You must be clear with yourself about what you won’t tolerate in your partnership – if you don’t know your deal breakers, your partner won’t either.

When you’re in the dating phase, it’s easy to focus on the positive qualities a potential partner offers – they’re kind, has a stable job, probably doesn’t have a secret lovechild… you get the idea. But what about the deal breakers, the things that you can’t deal with in a relationship? These deal breakers can ground that dreamy infatuation that happens when a Tinder match is fresh, and they can keep you from being blindsided later on. Think of your deal breakers as your checklist for if someone is worth your time. Wasting several dates or even months with a new person, only to realize they are such a bad match can seriously sting.

Establishing your deal breakers can also help in already committed relationships, too. You must be clear with yourself about what you won’t tolerate in your partnership – if you don’t know your deal breakers, your partner won’t either.

Identifying Deal Breakers

The Fundamental 5

So how do you identify your deal breakers? First, there are some general deal breakers that I recommend for everyone and all relationships – romantic, friends-with-benefits, family, friends, you name it. These are the bare minimum to avoid for keeping relationships respectful and safe.

  1. They’re physically abusive, physically threatening, or otherwise don’t respect your physical being and health.
  2. They belittle you and your identity (for example, making sexist comments because you’re a woman, talking down to you, or not taking you seriously).
  3. They don’t listen to you, ignoring you and making you feel like what you’re saying isn’t important to them.
  4. They lie to you – even little white lies count. If little white lies were so little, they wouldn’t need to be a made-up lie then, would they? Even friends who repeatedly cancel plans and make up false excuses should be kept at a distance.
  5. They just make you feel weird or bad, even if you can’t explain why. If spending time with them makes you feel strangely insecure, humiliated, disrespected, or just somehow wrong, step back.

Pet Peeves, Triggers, & Other Deal Breakers

Next, consider what other points are important to you aside from the basic five. For you, it may depend on if your relationship is one you hope to keep long-term (such as in marriage and raising a family together), or if it’s just for fun and you aren’t counting on it lasting forever.

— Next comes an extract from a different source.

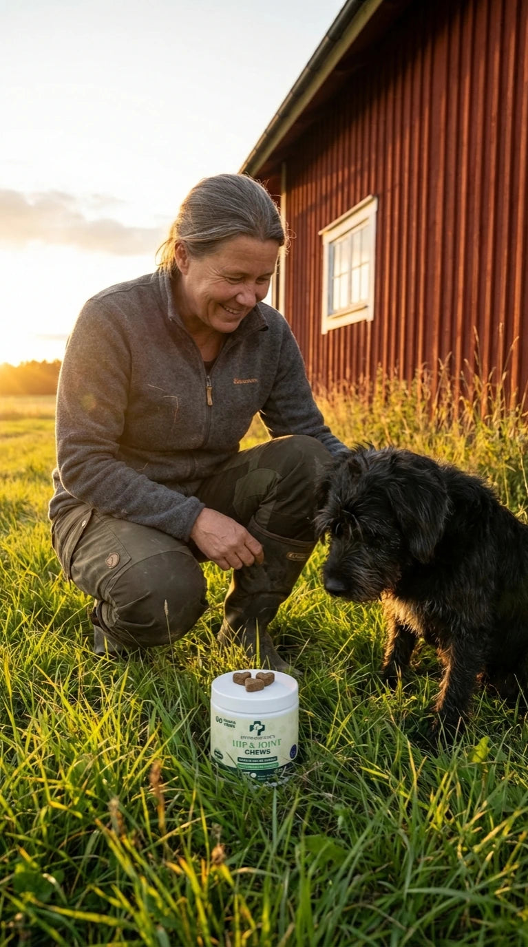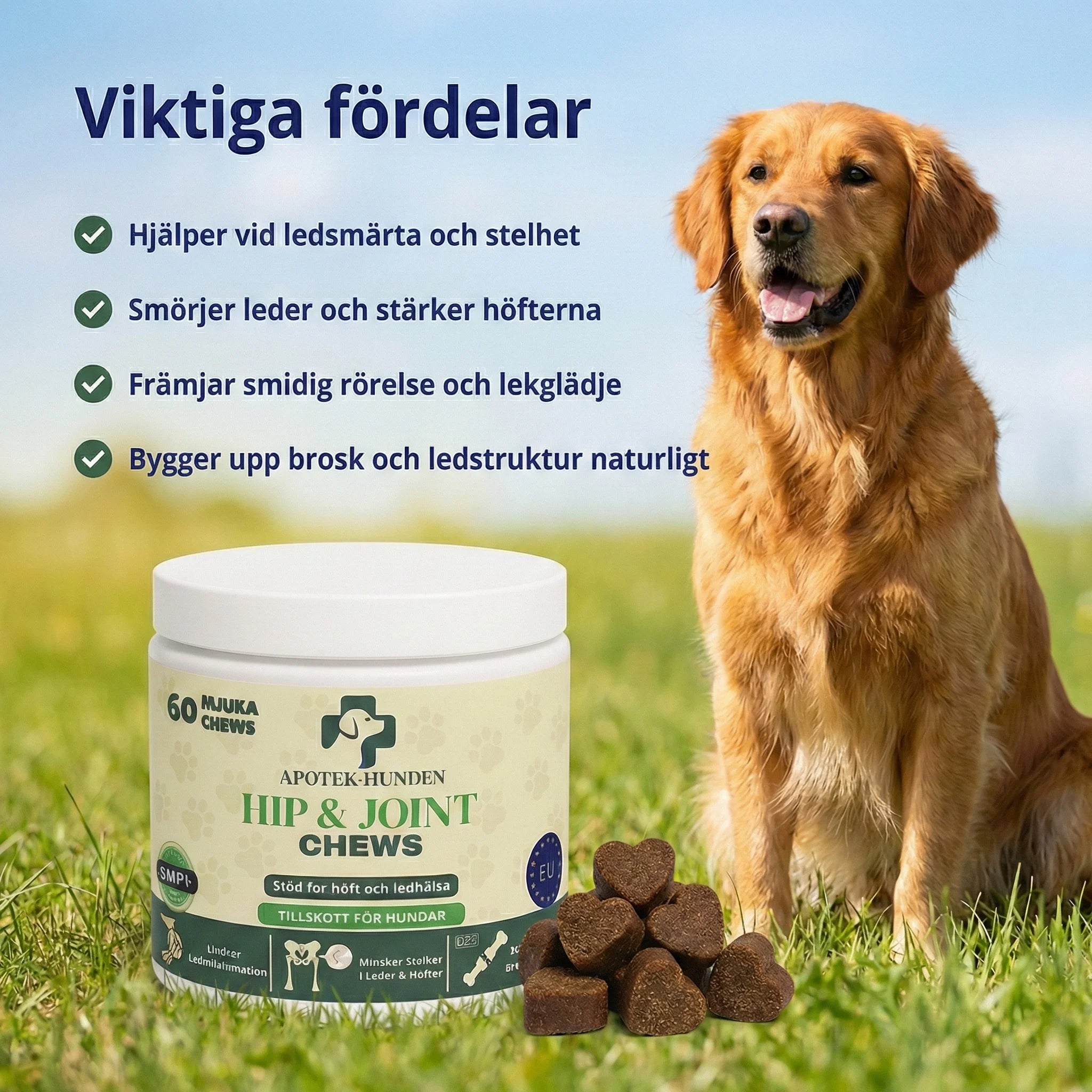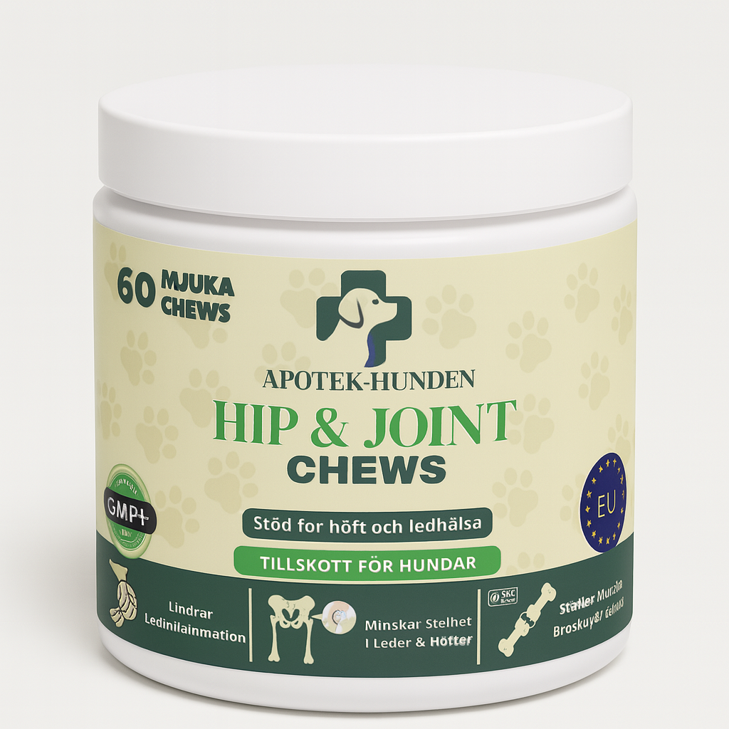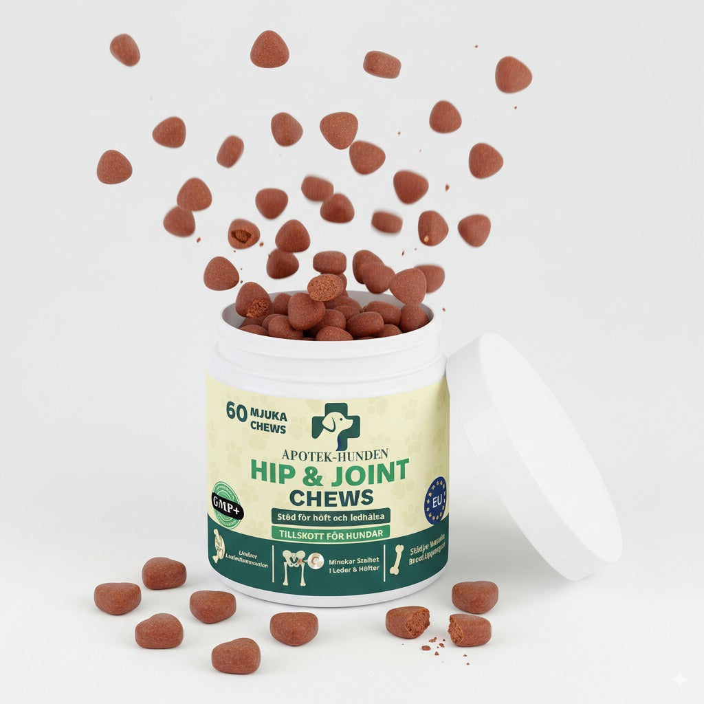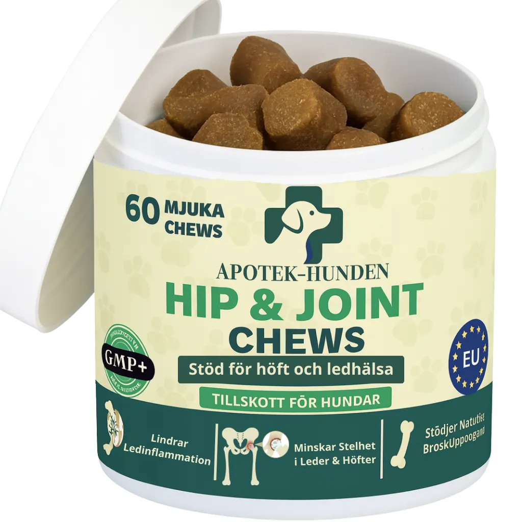 Inaktivert ølgjær, potetstivelse, vegetabilsk glyserin, potetflak, tørket eplemos, glukosamin (fra animalsk vev - krepsdyr), MSM (metylsulfonylmetan), raffinert kokosolje, tapiokamel, bovint kollagen, hydrolysert animalsk protein, johannesbrødkjernepulver, kondroitinsulfat, lakseolje, linfrøekspeller.

A study featured on psychologytoday.com breaks down common deal breakers into long and short-term relationships, which you can use as inspiration:

It’s also important to consider your own history and triggers with other relationships in your life. What behaviors or qualities from past romantic relationships do you refuse to ever deal with again? That’s a deal breaker. What was painful in your family life growing up that you don’t want to repeat in the future? That’s a deal breaker. What is something toxic that you’ve let go of friends for? That’s a deal breaker.

I have a few of my own deal breakers from my past. In a previous romantic relationship, I had a boyfriend who was emotionally avoidant – meanwhile, I leaned emotionally anxious. It wasn’t a good mix, and I know I can’t have another partner whose emotional switch is usually turned to “off.” If someone seems cold or like they shut down easily in exciting or high-stress moments, I know it wouldn’t work for me. Growing up, alcoholism was present in my family, and it caused many painful memories that I don’t want to relive in my adulthood. Because of that, I can’t commit to anyone who drinks heavily or seems to have an unhealthy or addictive relationship to alcohol. In friendships, I have distanced myself from friends who habitually gossiped about mutual friends, so I know that’s a deal breaker for future partners (and, of course, friends).

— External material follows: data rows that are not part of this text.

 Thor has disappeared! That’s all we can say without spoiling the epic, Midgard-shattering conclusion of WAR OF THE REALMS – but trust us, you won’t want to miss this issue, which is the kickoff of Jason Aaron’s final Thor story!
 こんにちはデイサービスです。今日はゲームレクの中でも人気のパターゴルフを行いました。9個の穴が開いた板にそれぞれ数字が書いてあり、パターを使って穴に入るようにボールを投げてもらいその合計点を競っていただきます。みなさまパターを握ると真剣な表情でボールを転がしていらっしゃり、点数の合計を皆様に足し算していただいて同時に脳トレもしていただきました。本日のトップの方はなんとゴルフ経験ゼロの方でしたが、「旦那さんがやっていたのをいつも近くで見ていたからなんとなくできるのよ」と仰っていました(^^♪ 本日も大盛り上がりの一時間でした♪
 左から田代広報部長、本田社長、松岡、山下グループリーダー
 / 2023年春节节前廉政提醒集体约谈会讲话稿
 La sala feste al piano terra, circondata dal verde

How to Discuss Deal Breakers With Your Partner

First, the basic five deal breakers given above should be common knowledge. You shouldn’t have to tell someone to not lie or be abusive, for instance. But some deal breakers are highly personal and differ between people. It’s important to give your partner a heads up on what is important to you – and what to avoid. With committed, long-term relationships, let your partner in on how deal breaker behaviors affect you and offer a specific action you’d prefer they take. It could go like this:
“You might not feel the same way, but when you don’t text me back all day, I feel really anxious. I don’t want to feel like that all the time and just want you to check in once. If you can’t, it’s a deal breaker.”
or even with something as awkward as hygiene (yeah, I’m going there):
“I was raised to brush my teeth twice a day, so to me that seems really normal. Could you try doing the same?”

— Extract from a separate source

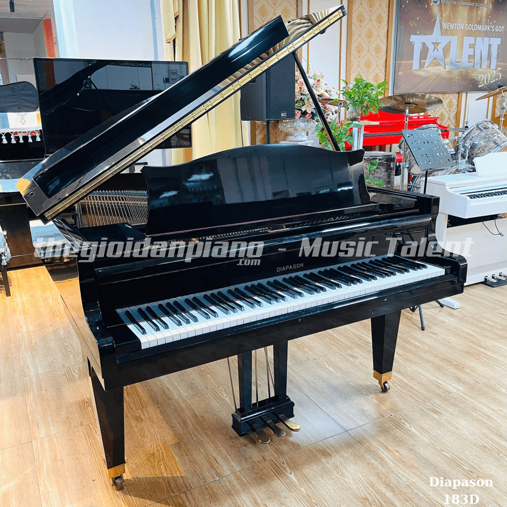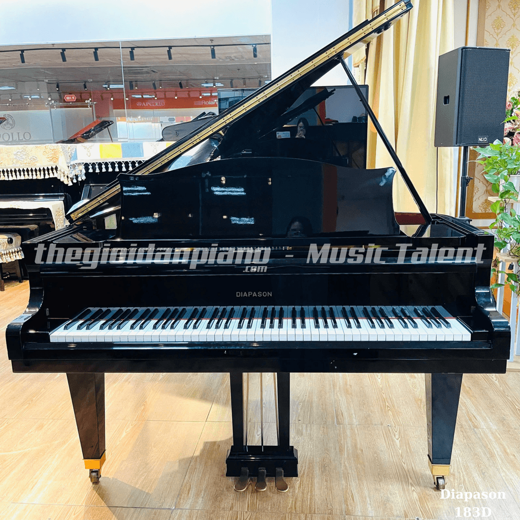 Công ty Cổ phần Đầu tư Yale Việt Nam (Music Talent), thành lập 2015, chuyên cung cấp nhạc cụ cao cấp, thúc đẩy giáo dục âm nhạc. Đàn Grand Diapason 183D, xuất xứ Nhật Bản, nổi bật với âm thanh trong trẻo, thiết kế thanh lịch. Công dụng: biểu diễn chuyên nghiệp, luyện tập tại nhà/studio. Lợi ích: âm thanh chuẩn mực, nâng tầm không gian, hỗ trợ phát triển kỹ năng piano lâu dài.
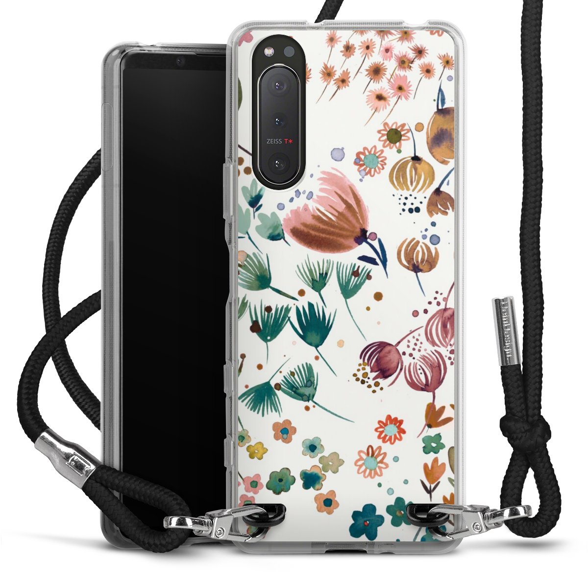 Keep your phone handy at all times, thanks to the flexible silicone case with a textile strap.

With more casual partners, you may be a bit more flexible on some deal breakers, or you may want to simply give the partner up if they’re committing too many deal breaking crimes. Since these relationships are less close and committed, discussing their behavior is a bit more limited. But again, to be clear, every relationship – even one-night hookups – should be kept free of threats to your physical safety. Regardless of what your deal breakers are, you deserve better than that.